Oh, and a final word. Why is it that this GQ report devotes so much time to the rich and the wealthy, and merely sweeps away the poor miserable masses in a few sentences? Why didn’t Kampfner give any personality to these millions for whom he has so much sympathy? Why doesn’t he give them a voice? Make them real? Give them the agency they possess? Why are they portrayed as non-people, non-existents who have no voice and nothing to say? Could he find no translator? Could he not spare the time to leave Luanda? Do they have no face? No personality? Perhaps he recognises the rich and wealthy more easily because they are more like him, closer to his own self. Perhaps I’m being unfair. Perhaps… though I somehow doubt it.
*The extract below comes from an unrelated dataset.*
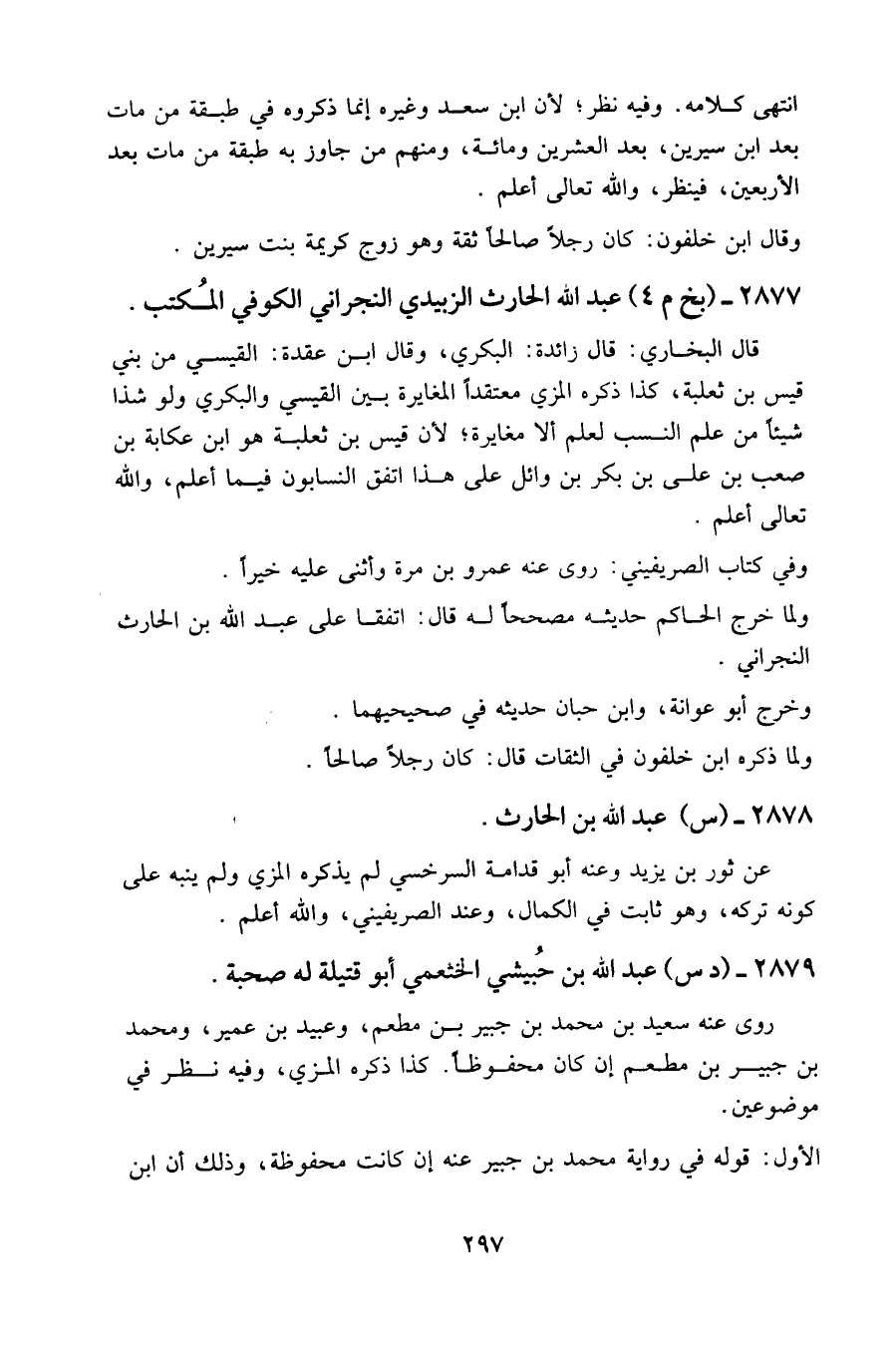2877 - (بخ م 4) عبد الله الحارث الزبيدي النجراني الكوفي المكتب.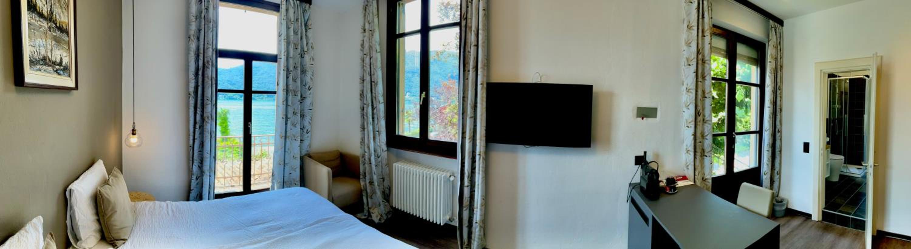 Sehr gutes Essen (super Crépe Suzette) und sehr nettes Personal. Hübsches Zimmer mit Balkon. Schöne Lage am See.

I think it’s great that GQ tried to put Angola on the proverbial map, even if the country was probably sandwiched between the pages of semi-nude women who might be masturbated over by excessively rich British lawyers who work in The City of London and Oxbridge-educated accountants who help the great and the corrupt pay as little tax on their millions as possible. What, GQ? Surely not! For that we must thank you.